Moratorium on repayment of loans and reduction in overall economic activity will have negative impact on liquidity of banks and will reduce their net profit, said Central Bank representatives.

“Moratorium is a temporary suspension of all payments on loan basis (principal, interest, default interest, fee etc). In the liquidity part, that means banks will be denied money inflows for the period of three months.
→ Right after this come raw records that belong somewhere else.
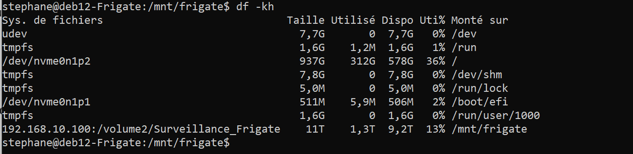 tu expose /home/$USER/mnt/frigate à ton container - ./mnt/frigate:/media/frigate et non /mnt/ - /mnt/frigate:/media/frigate
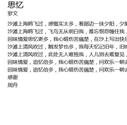 | 沙滩上清风吹过,触发梦也多,我每天忆记旧年,旧时良伴离别我。 | |
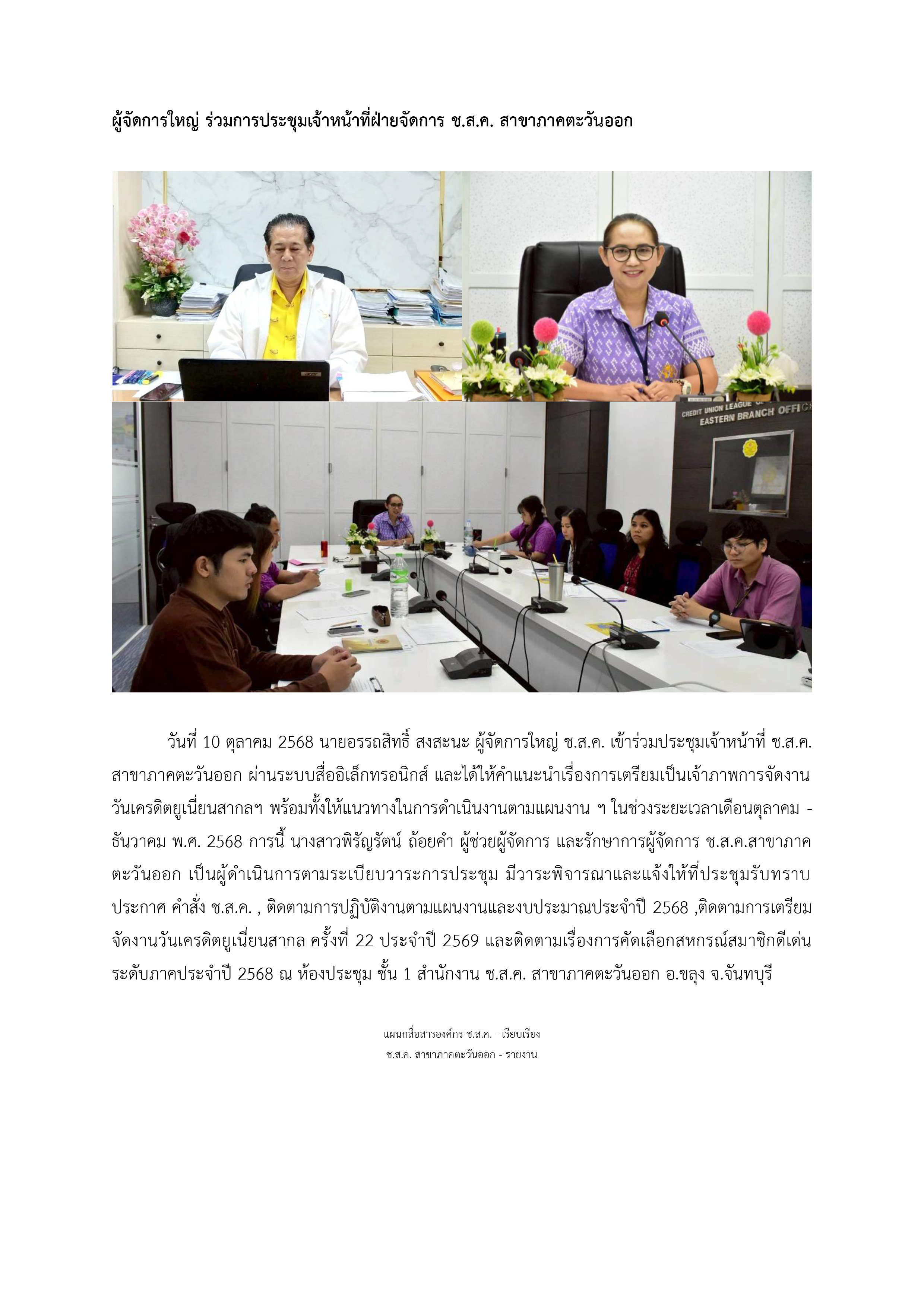 ผู้จัดการใหญ่ ร่วมการประชุมเจ้าหน้าที่ฝ่ายจัดการ ช.ส.ค. สาขาภาคตะวันออก

That accounts for a quarter of annual inflow on this basis, which is a negative influence on the liquidity of banks”, CB representatives say.

Strong liquid position of banks in the period before crisis will enable banks to overcome reduced profit for the time moratorium is in force.

“Banks are expected to continue with their activity with extensive restructuring, including grace periods, which will result in additional pressure on their liquid position”.

During the moratorium, banks will calculate interest, in line with defined conditions.

Of all costs, reservation costs for expected losses should be highlighted as they are in direct connection to the quality of assets.

“Higher level of non-performing loans corresponds with higher level of reservations, which results in smaller net profit of banks, and, in extreme cases, loss-making. Having regard to the reduction in employment, increase in unemployment and reduction in average earnings as consequence of the coronavirus epidemic, non-performing loans are expected to rise and will result in higher level of reservations”, CB said.